- **Work task**
Exactly retype the opening line of the entries and every line after it, ending with the line that contains "Black leather saint". Skip all pictures.

(Beginning of Data excerpts)

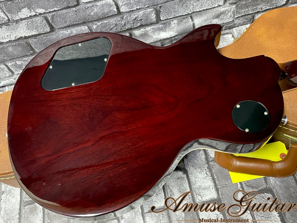コチラのスペックですが、ボディには高級感あふれる厳選されたAAAグレードの2Pフレイムメイプルトップに、バックはマホガニーのボディ。ネックにはマホガニーと、指板にはブラウンのコントラストが特段に濃いローズウッドを採用した木材マテリアルで、セットネック構造のレスポール然とした基本構成。ジョイントはレギュラー品に珍しいディープジョイント方式を採用しており、鳴りも抜群です。フィニッシュはレアカラーのルートビアバーストを採用。ネックの握りは適度に薄さを持たせた” ‘60s Slim taper”を採用し、指板にはコンパウンドラジアスも採用したプレイアビリティの高い素晴らしいプロファイルとなっております。その他としてはナットにグラフテック、ロボットチューナーペグより換装されたグローヴァーペグ、TonePros製ロック機能付きT.O.Mとテイルピースブリッジ、ゴールドスピードノブ、出荷時にてピックガードの取付が無いタイプ、12フレット上には120周年記念インレイ等が挙げられます。
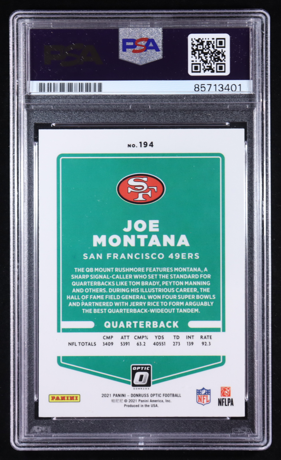 Joe Montana Signed 2021 Donruss Optic #194 (PSA)
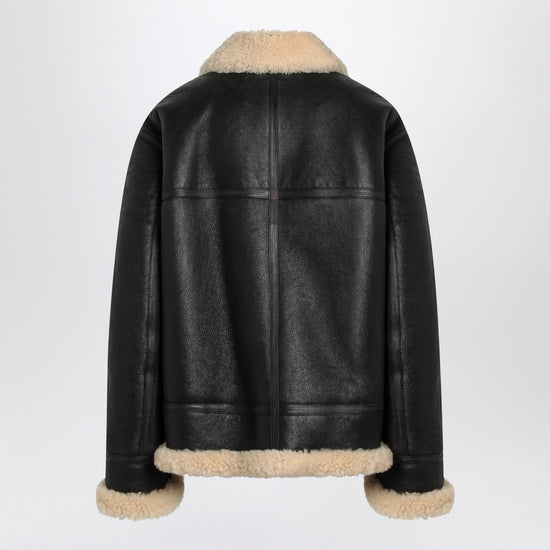 Black leather saint laurent jacket featuring a contrasting shearling collar and edging, long sleeves, a front zip fastening, two side welt pockets, and a double adjustable neck strap. size and fit - model wears size 36 fr model measurements: height: 179 cm chest: 82 cm waist: 65 cm hips: 90 cm
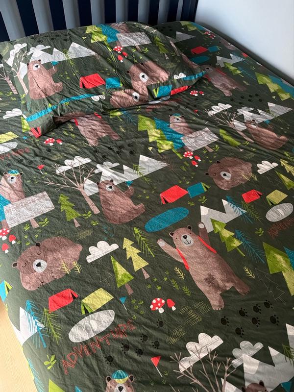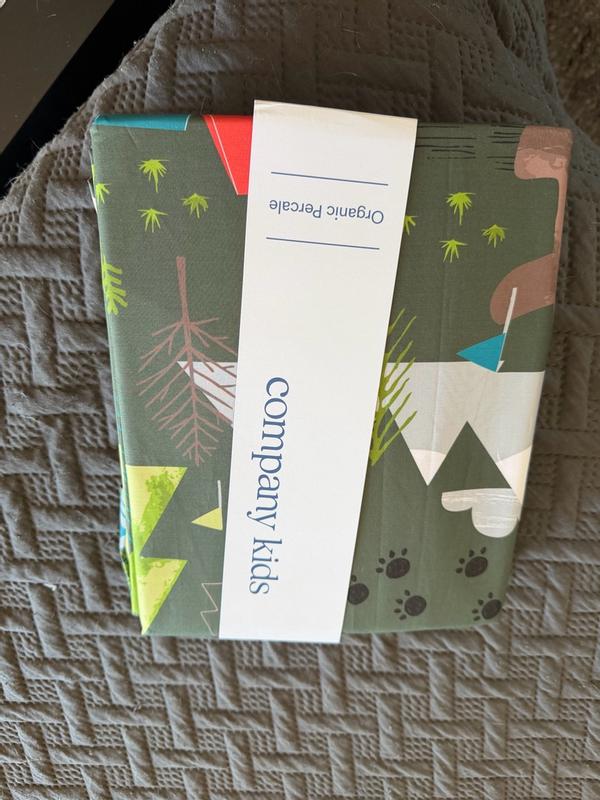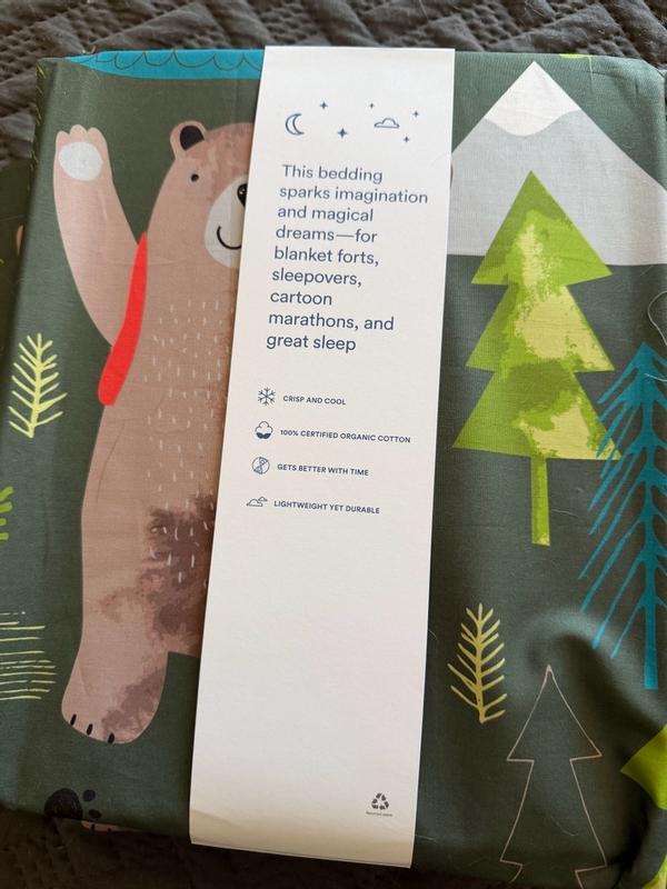 Woodland adventures are to be had here at Bear Camp! Illustrated with tents, pine trees, mushrooms, mountain ranges and, of course, friendly bears, this camping-inspired collection sets the scene for sweet dreams under the stars. Set against a forest green ground, it’s designed mix and layer with our Forest Friends percale bedding (sold separately). Sewn of organic cotton percale, this earth-friendly collection has a cool, crisp hand that gets better with every wash.
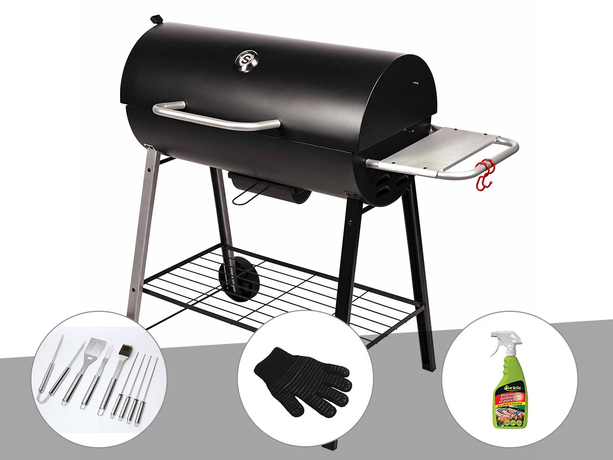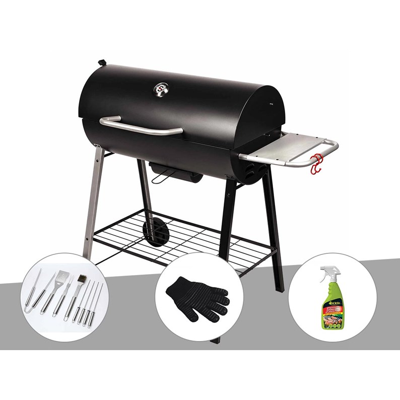 Barbecue à charbon sur chariot michigan + malette de 8 accessoires inox + gant d
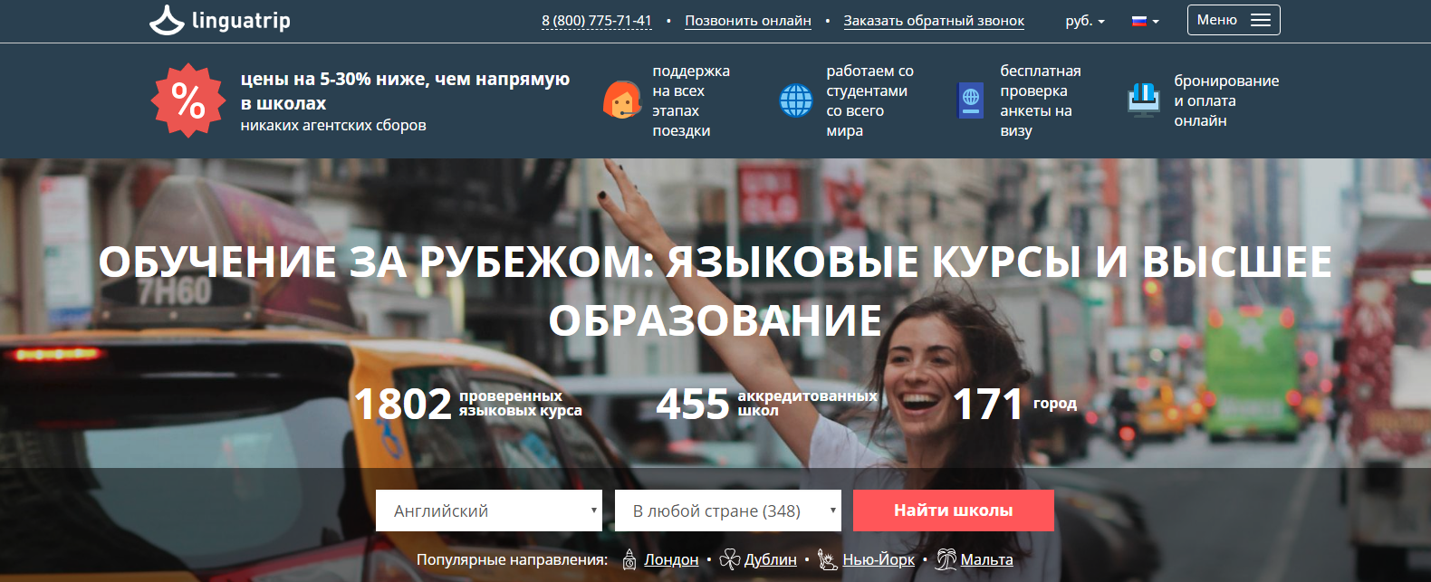 Онлайн-проект LinguaTrip — это сервис по поиску курсов иностранных языков за пределами России. Ежемесячно свыше 100 тысяч студентов используют этот ресурс для поиска курсов по английскому языку и прохождению практики непосредственно в Англии, США, Мальте и других странах.
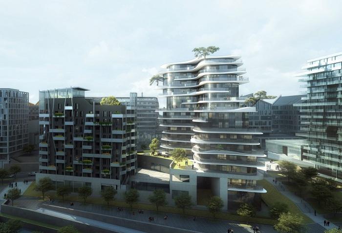 Волнообразные бетонные конструкции на каждом из этажей будет образовывать своеобразные террасы, на которых разместят много зеленых растений. А с верхних этажей здания откроется вид на главную достопримечательность Парижа – Эйфелеву башню.
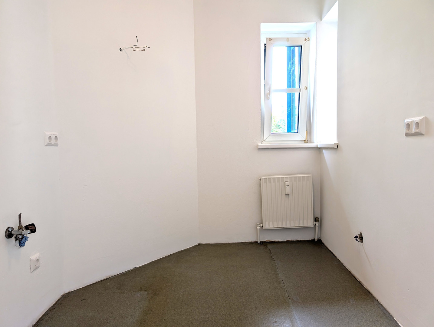 Die Wohnung ist modernisiert und kann sofort bezogen werden. Die Küche ohne Einricchtung wartet mit entsprechenden Anschlüssen auf Küchengeräte, Koch und Köchin.
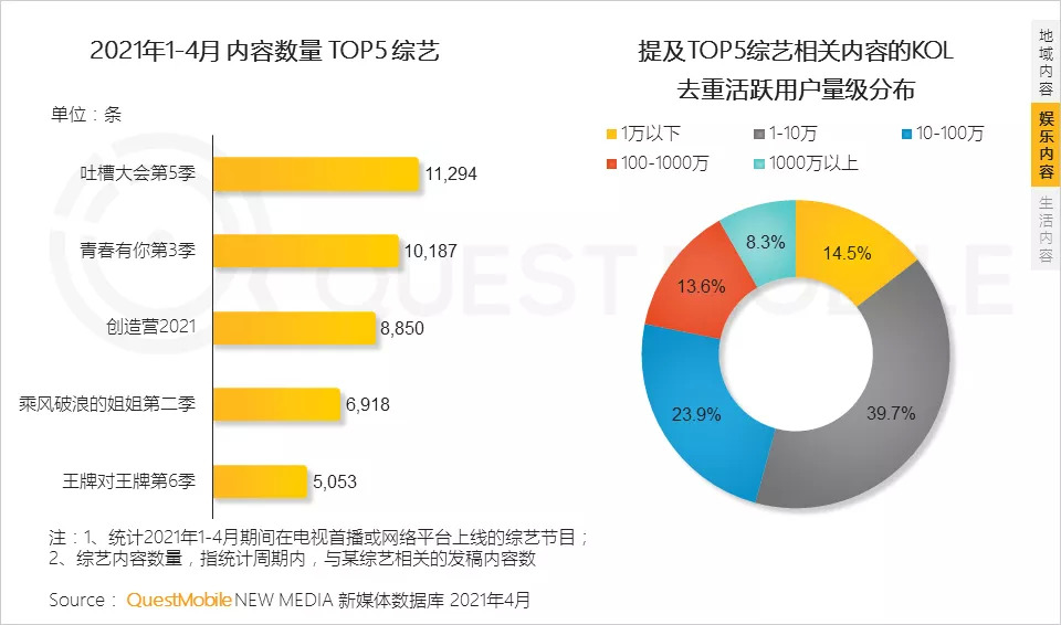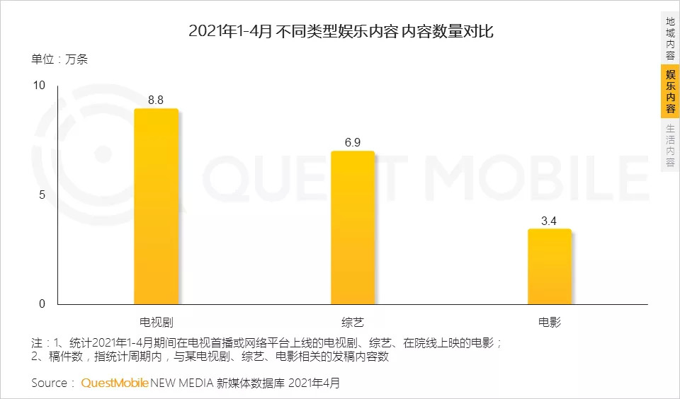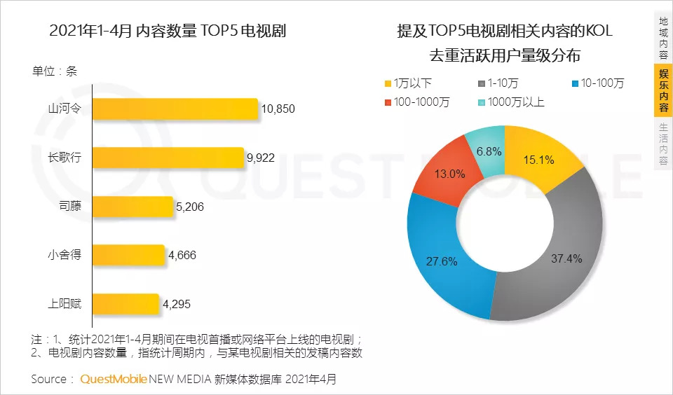 4、娱乐内容中,围绕热门影视综节目,内容平台中衍生出大量相关内容,其中电视剧的影响力最大
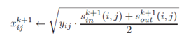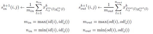 Donde fijin y gijin son las funciones de enumeración de la correspondencia óptima de los vecinos de entrada (si un grafo contiene una arista de i a j , el nodo i es llamado vecino de entrada del nodo j ) para los nodos i y j , de forma análoga para fijout y gijout . Los términos id(i) y od(i) se refieren respectivamente a los grados de entrada y salida del nodo i. Encontrar la correspondencia de los elementos de A y B de mayor peso es un problema de asignación, que puede ser resuelto a través del algoritmo húngaro, aunque existen otros más eficientes. La matriz de similitud [xij] refleja la similitud de los nodos de dos grafos A y B . La similitud de los grafos se define como el peso de la correspondencia óptima dividido por el número de pares en la correspondencia:
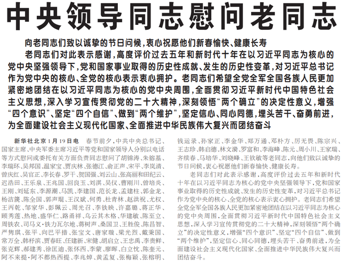 中央领导同志慰问老同志 向老同志们致以诚挚的节日问候,衷心祝愿他们新春愉快、健康长寿
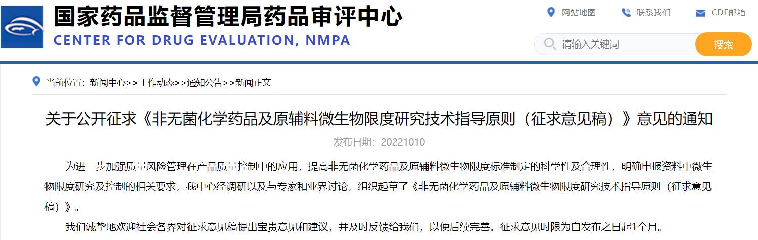 關(guān)于公開征求《非無菌化學(xué)藥品及原輔料微生物限度研究技術(shù)指導(dǎo)原則(征求意見稿)》意見的通知
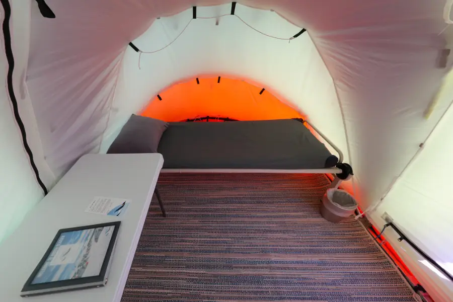 Located on Union Glacier, this exclusive camp accommodates up to 70 guests in twin-occupancy clam tents. Built to endure the extreme polar conditions, these double-walled tents feature high-tech nylon covers and sturdy aluminium frames. Inside, guests will find camp beds, mattresses, pillows, linens and towels.
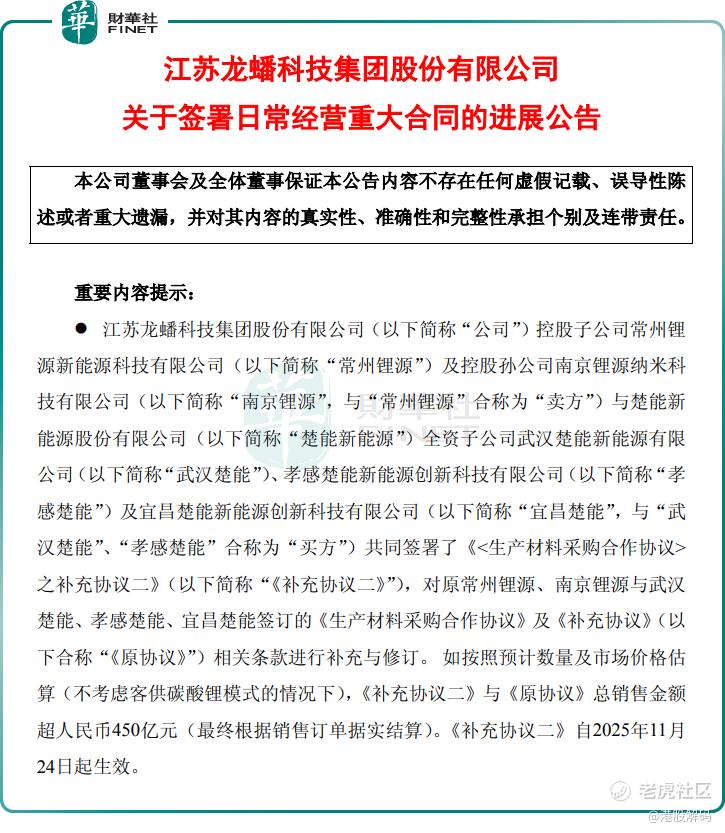 如按照预计数量及市场价格估算,《补充协议二》与《原协议》总销售金额超450亿元,《补充协议二》自2025年11月24日起生效。
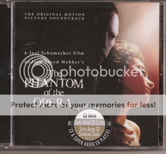 แผ่นสุดท้ายไม่ต้องบรรยายสรรพคุณครับเป็น original soundtrack ของ Phantom of the Opera ที่นำมาบันทึกในรูปแบบของ SACD เสียงสะอาดขึ้นมากๆ แต่สัญญาณเสียงเบากว่าแผ่นปกติ
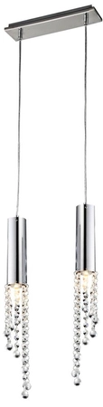 zwis LED-owy w ekskluzywnym kryształowym wydaniu; niezwykle dekoracyjny, proste metalowe klosze zdobione transparentnymi kryształkami efektownie rozpraszającymi strumienie światła, zawieszone na metalowych linkach umożliwiających regulację wysokości;
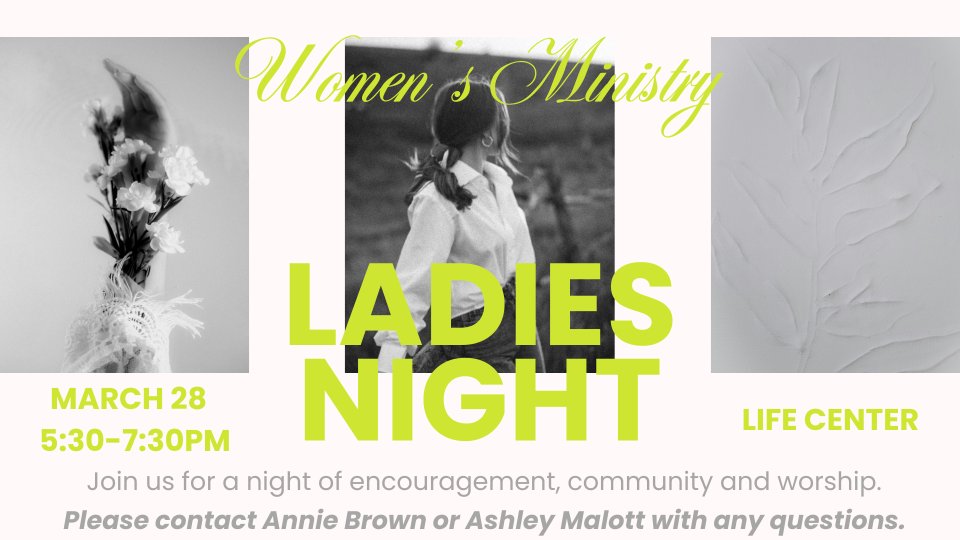 Join us for an evening of encouragement, community and worship. Please register at the above link to let us know you are coming and if you can bring an appetizer to share. Please feel free to contact Annie Brown, annkimbrown@yahoo.com or Ashley Malott, ashley_malott@yahoo.com if you have any questions about this event.
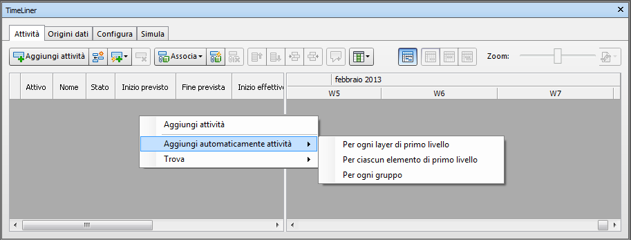 nella scheda Attività o fare clic col pulsante destro del mouse nell'area delle attività e creare un gruppo iniziale di attività basate sui nomi di layer, elementi o gruppi di selezione. TimeLiner include alcuni tipi di attività di default (Costruzione, Demolizione e Temporaneo), ma è anche possibile personalizzarne altri nella Scheda Configura. È inoltre possibile visualizzare una rappresentazione grafica di sola lettura della pianificazione del progetto e passare tra grafici di Gantt relativi alle date seguenti: Prevista, Effettiva e Prevista rispetto ad Effettiva.
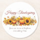 This old fashioned company holiday party coaster features a vintage drawing of orange pumpkins, fall leaves, and cute autumn sunflowers. Nostalgic Happy Thanksgiving decor with brown script of your business name and personalised professional message on the back for clients and friends.
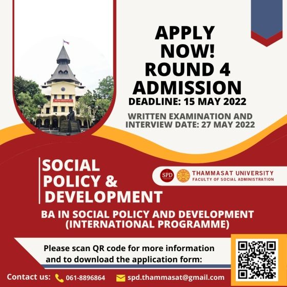 เปิดรับสมัครแล้ว สำหรับรอบ Inter Admission (สอบข้อเขียนและสอบสัมภาษณ์ #TCAS65 ชื่อเต็มๆ ว่า หลักสูตร SPD: Social Policy and Development (International Programme) หรือ สาขาวิชานโยบายสังคมและการพัฒนา (หลักสูตรนานาชาติ) ปริญญาตรี คณะสังคมสงเคราะห์ศาสตร์ มหาวิทยาลัยธรรมศาสตร์ (เรียนที่ มธ. ท่าพระจันทร์)

(End of Data excerpts)

- **Response**
コチラのスペックですが、ボディには高級感あふれる厳選されたAAAグレードの2Pフレイムメイプルトップに、バックはマホガニーのボディ。ネックにはマホガニーと、指板にはブラウンのコントラストが特段に濃いローズウッドを採用した木材マテリアルで、セットネック構造のレスポール然とした基本構成。ジョイントはレギュラー品に珍しいディープジョイント方式を採用しており、鳴りも抜群です。フィニッシュはレアカラーのルートビアバーストを採用。ネックの握りは適度に薄さを持たせた” ‘60s Slim taper”を採用し、指板にはコンパウンドラジアスも採用したプレイアビリティの高い素晴らしいプロファイルとなっております。その他としてはナットにグラフテック、ロボットチューナーペグより換装されたグローヴァーペグ、TonePros製ロック機能付きT.O.Mとテイルピースブリッジ、ゴールドスピードノブ、出荷時にてピックガードの取付が無いタイプ、12フレット上には120周年記念インレイ等が挙げられます。
 Joe Montana Signed 2021 Donruss Optic #194 (PSA)
 Black leather saint laurent jacket featuring a contrasting shearling collar and edging, long sleeves, a front zip fastening, two side welt pockets, and a double adjustable neck strap. size and fit - model wears size 36 fr model measurements: height: 179 cm chest: 82 cm waist: 65 cm hips: 90 cm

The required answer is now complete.